A severe lightning storm hit Sydney, Australia, on the evening of August 30, causing major cloud providers, including Oracle Cloud, NetSuite, and Microsoft’s Azure, to suffer outages. It affected Microsoft 365 and Power Platform services as well. A similar outage happened in July as well.
Microsoft’s post-incident analysis report attributed the blackout to a combination of a couple of factors.
Cooling Systems Stopped Working
Because of the power problem, cooling units in one data center within one Availability Zone to go offline. The data center’s systems shut down automatically to prevent the computers from getting too hot and potentially being damaged. This made it impossible for people to use Azure and Microsoft 365 services.
Not Enough Staff at Night
There weren’t enough people working at the data center during the nighttime. This made it hard to fix the cooling systems quickly. To fix this problem, Microsoft hired more people temporarily to work at the data center at night.
Both this leads Microsoft to improve the automation game.
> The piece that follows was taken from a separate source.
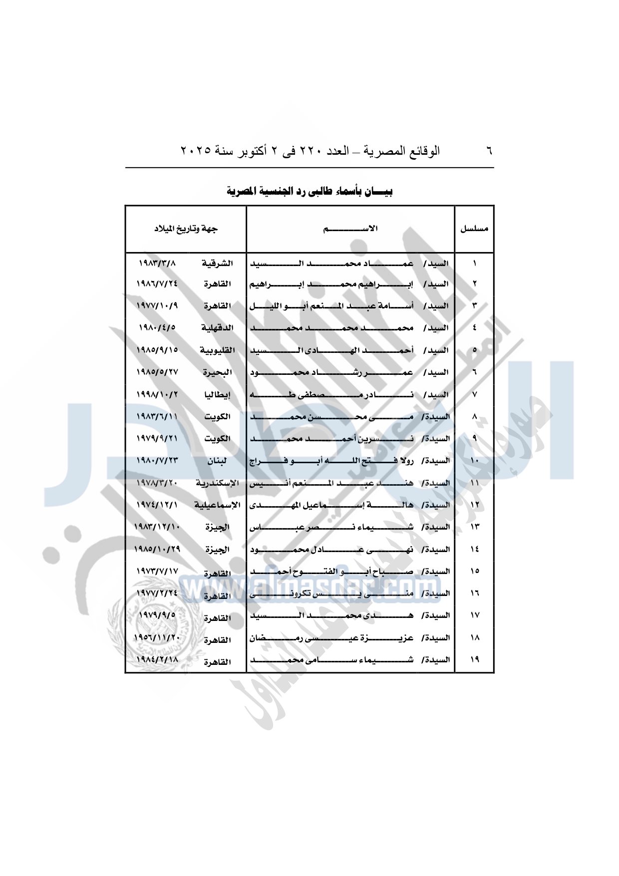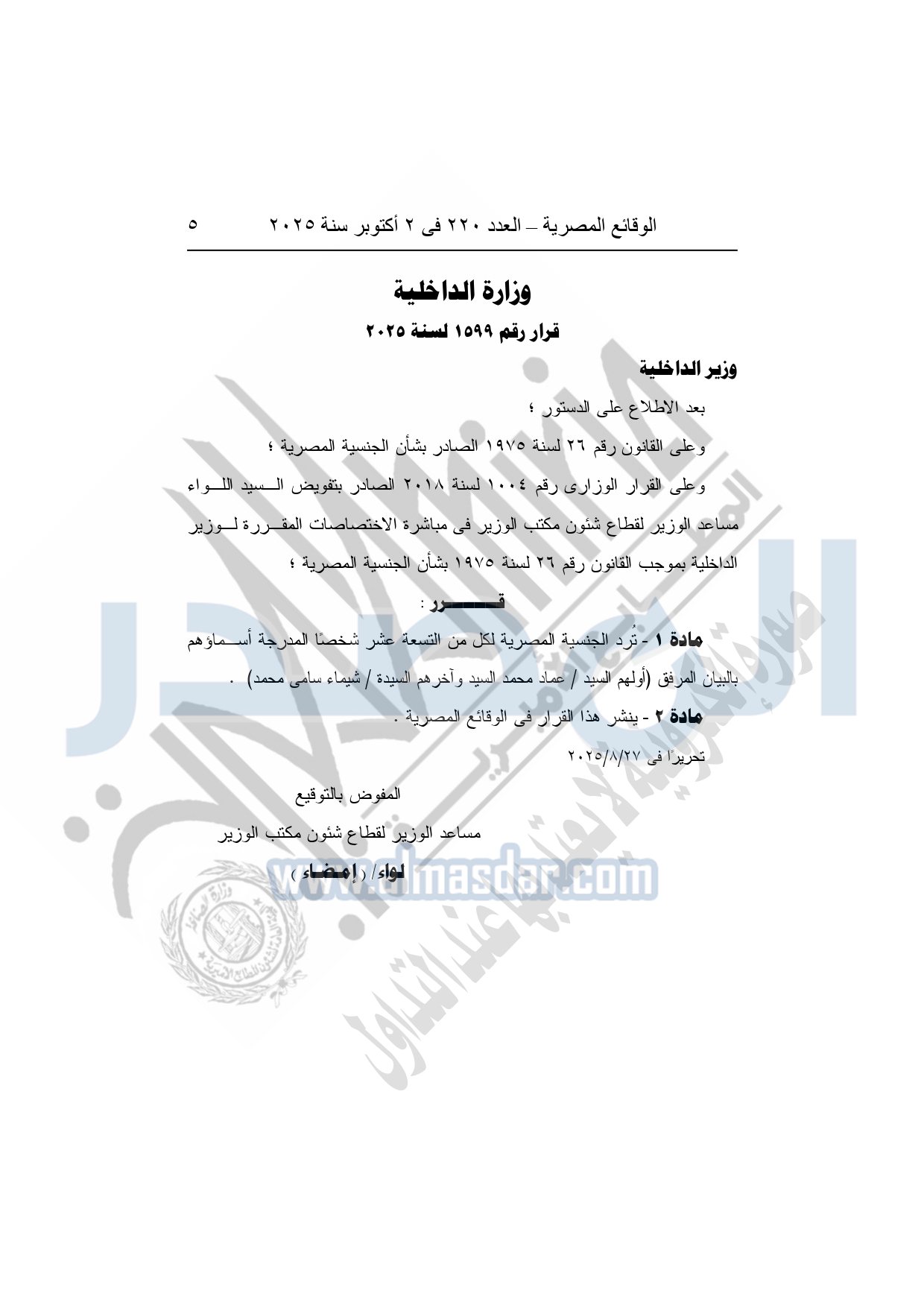 نشرت الوقائع المصرية في العدد 220 الصادر في 2 أكتوبر سنة 2025، وزارة الداخلية، رقم 1599 لسنة 2025، بشأن رد الجنسية المصرية لـ19 شخص.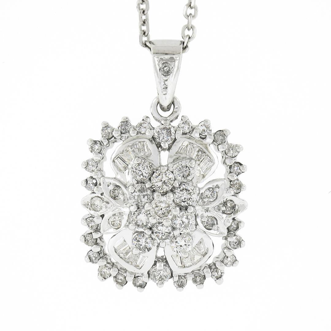 A solid 14k white gold pendant necklace, with 44 round brilliant cut natural diamonds (G/H - I2/I3 ; 0.80ct), and 16 baguette cut natural diamonds (G/H - I1-I3 ;0.30ctw). 18 inch cable link chain, 6.46 grams total weight, pendant measures 26.2x17.4mm.

Microsoft acknowledged the need to enhance automation within the data center to make it more resilient to various voltage sag event types. This includes evaluating the sequence in which servers and chillers are restarted to ensure that the highest-load servers and their corresponding chillers are prioritized.
The outage resulted from a combination of factors, including a power sag, cooling unit failure, and an automated shutdown triggered by rising temperatures. Insufficient nighttime staffing was also a contributing factor.